We will go over the getting the foundations of a project, and then go over the main concepts while implementing the examples.

a dbt project is a directory on the data engineer's machine containing a lot of .sql files (called models) and YAML files for configurations.

A data warehouse example

This example is in code/dbt/airbnb.

  1. Create the dbt project

    dbt init airbnb
    

    while running this, it will ask to set the dbt profile for this project (I selected duckdb). A project profile is a YAML file containing the connection details for your chosen data platform. When there is an existing ~/.dbt/profiles.yml, the previous command will add a new stanza to it.

    airbnb:
      outputs:
        dev:
          type: duckdb
          path: dev.duckdb
          threads: 1
    
        prod:
          type: duckdb
          path: prod.duckdb
          threads: 4
    
      target: dev
    

    It specifies two configurations, dev and prod, with different connections to data warehouses.
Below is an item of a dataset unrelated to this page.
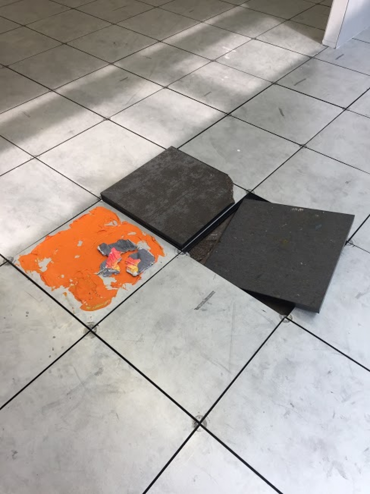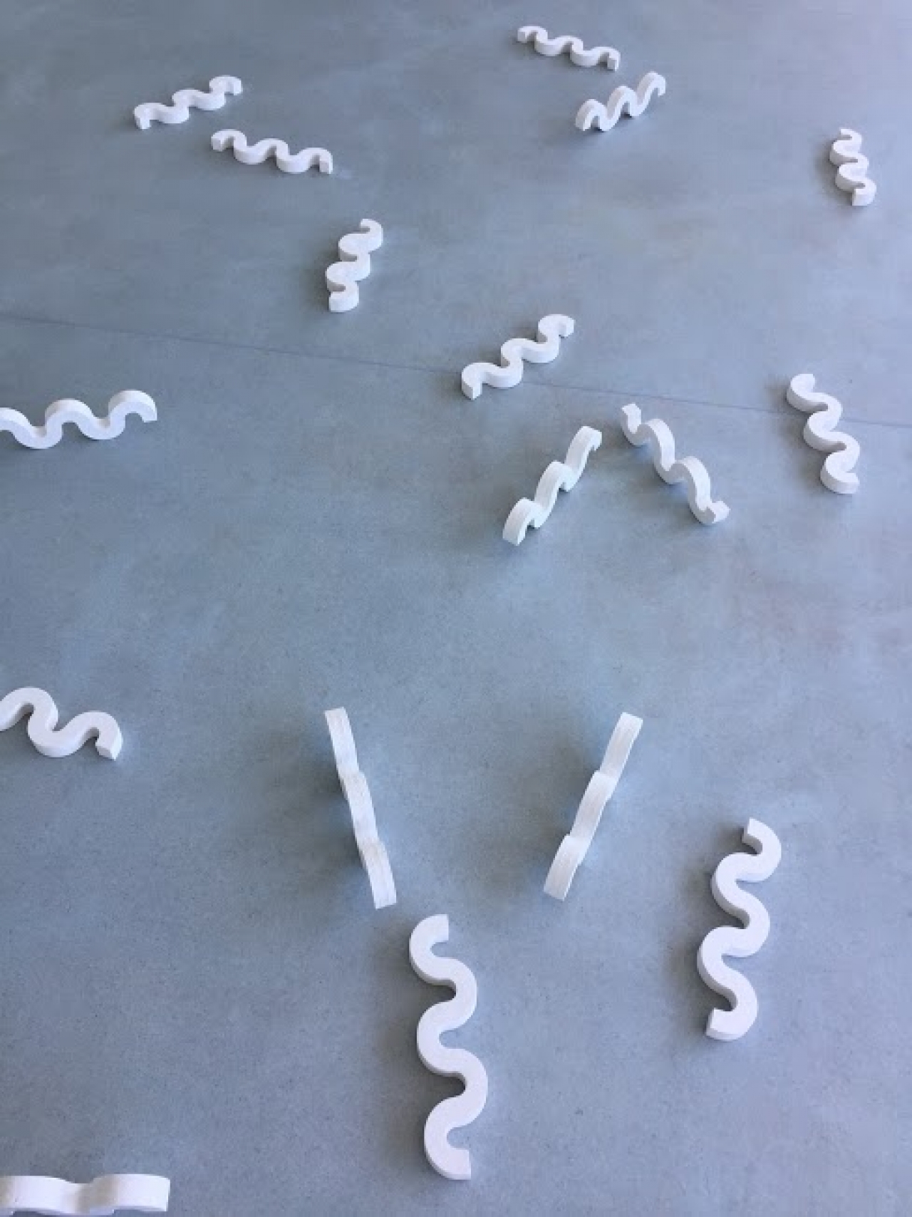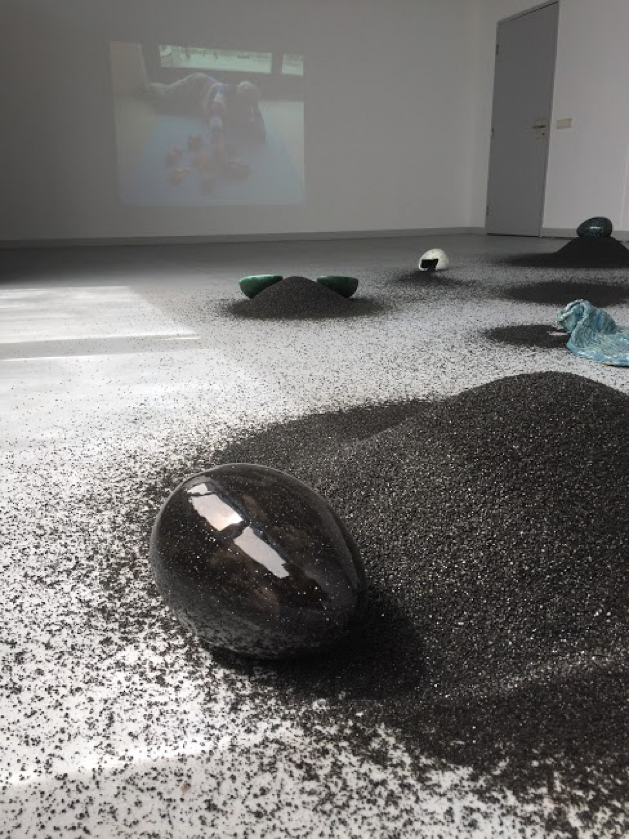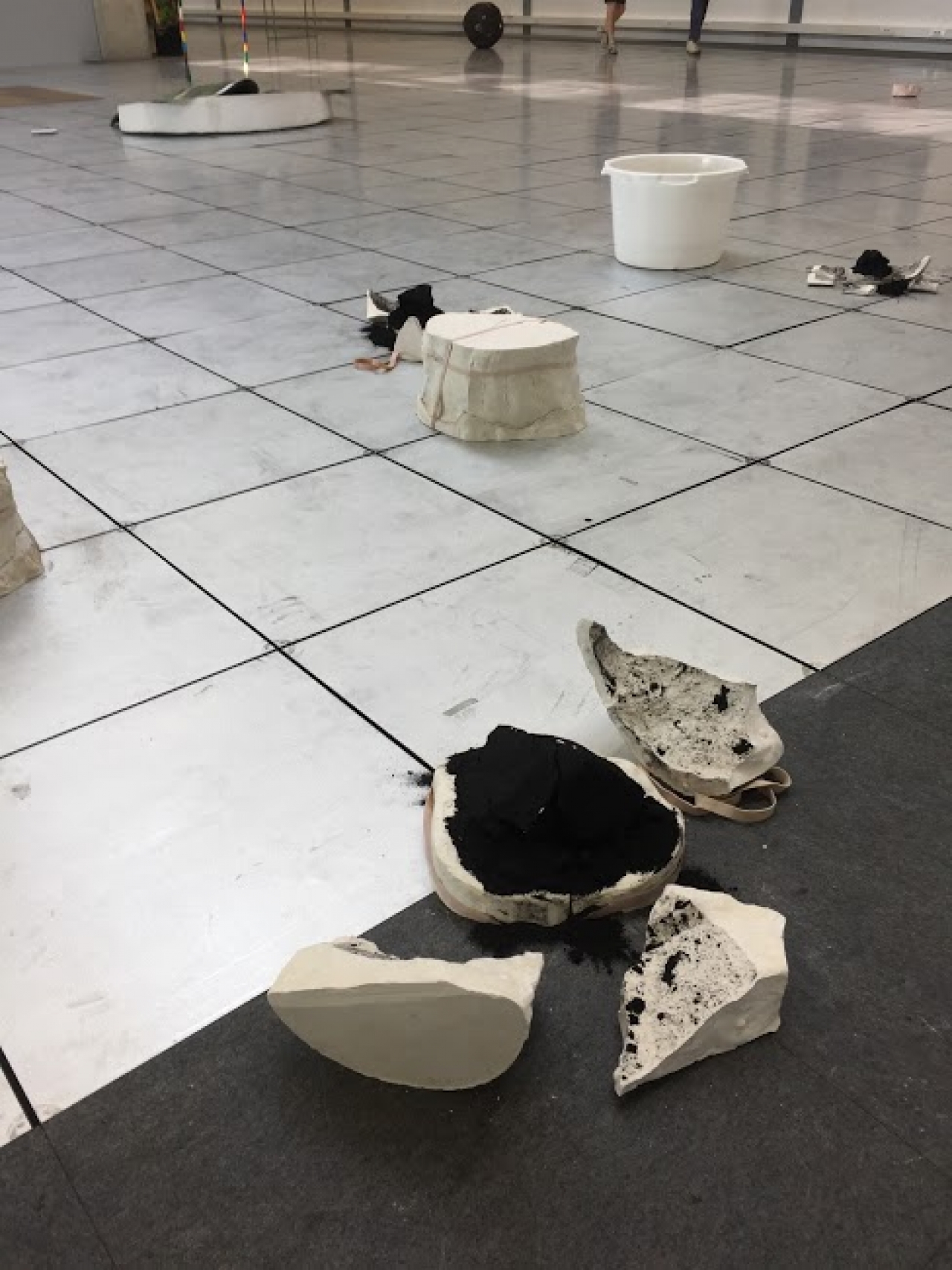 De op de grond verspreide mallen zijn uiteen gebarsten of worden wanhopig bij elkaar gehouden door elastieken. Het steenkoolgruis – die door eeuwen van tijd zou kunnen verstenen – ligt verspreid langs dat wat zijn vorm had moeten zijn. Mirthe van Breemen bevraagd met haar werk het ongrijpbare en kwetsbare moment van transformatie, ‘het moment waarop iets verandert zien we haast nooit, we zien enkel het ‘voor’ en het ‘na’ ’. Zo komt de titel van de tentoonstelling ook nog specifiek terug in deze presentatie.

The path specifies where in the working directory (e.g. airbnd) the database will be created.

    This will also create a set of folders to manage all the needed elements of data pipelines:

    models
    analyses
    tests
    seeds
    macros
    snapshots
    

    and the dbt_project.ymlfile to define dbt settings.

  2. Understand the dbt_project.yml

    • It refences the profile to use, the different paths to use
      profile: 'airbnb'
      
    • and the models may have many resources configured at once:
      models:
        models:
          # namespace for model configs matching the project name
          airbnb:
            +materialized: view
      

Next we will cover the main concepts with concrete examples.
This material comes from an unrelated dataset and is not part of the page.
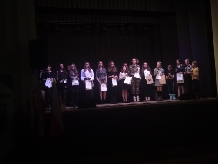W przeglądzie tym wzięło udział 2 uczniów z naszej szkoły, Marzena Witkowska uczennica klasy II i Jakub Żakieta uczeń klasy IV. Po przesłuchaniu wszystkich uczestników wyłoniono laureatów. Wśród nich znalazła się Marzena Witkowska, która zaśpiewała „Powrócisz tu” i „Ojczyzno ma „. Nasi uczniowie pięknie się zaprezentowali na scenie i zostali nagrodzeni wielkimi brawami.

Confluent dbt adapter aims to support standard dbt commands (init, debug, run, test, docs generate, etc.) against Confluent Cloud Flink, so teams can manage pipelines end-to-end from dbt rather than Terraform/REST only.

  • For Confluent the adapter is installed via:

    uv add dbt-confluent
    

  • Create the project

    dbt init airbnb-streaming
    

The profile may include references to environment variables for API KEY and SECRET.

yaml airbnb_streaming: outputs: dev: cloud_provider: aws cloud_region: us-west-2 compute_pool_id: lfcp- dbname: j9r-kafka environment_id: env- execution_mode: streaming_query flink_api_key: "{{ env_var('CONFLUENT_FLINK_API_KEY') }}" flink_api_secret: "{{ env_var('CONFLUENT_FLINK_API_SECRET') }}" organization_id: 49......44 statement_label: dbt-confluent statement_name_prefix: dbt- threads: 1 type: confluent

Major Concepts

  • Batching in dbt with a datawarehouse, like DuckDB or Snowflake, is primarily managed through different materialization strategies:

    • Table: Replaces the entire target table with each run. Ideal for smaller datasets or full-refresh batches.
    • Incremental: Updates only new or changed data using append, merge, or delete+insert.
    • Microbatch: Breaks massive datasets into smaller, time-based segments (e.g., daily) that process independently.
    • External: Reads from and exports results directly to files (Parquet, CSV, JSON) on local storage or S3.
  • It encourages building complex transformations in smaller, reusable SQL steps, reducing repetitive code.

  • dbt uses a template mechanism (jinja), functions and a set of features to organize SQL and cross reference them.
  • The mandatory file for a project is the dbt_project.yml file as it contains information that tells dbt how to operate your project. dbt demarcates between a folder name and a configuration by using a + prefix before the configuration name.
  • Models: are the basic building blocks of the business logic. They includes materialized tables and views, and SQL files. Models can reference each others and use templates and macros.
  • Resources types includes models, seeds, snapshots, tests, sources
  • Properties describe resources
  • Configurations control how dbt builds resources in the warehouse. Could be set cross resources in dbt_project.yml, in a properties.yml under a folder, config() in a sql or resource file.

Models

Models are built in logical layers to keep the pipeline clean and scalable. The will be dependent on each other, forming a Direct Acyclic Graph.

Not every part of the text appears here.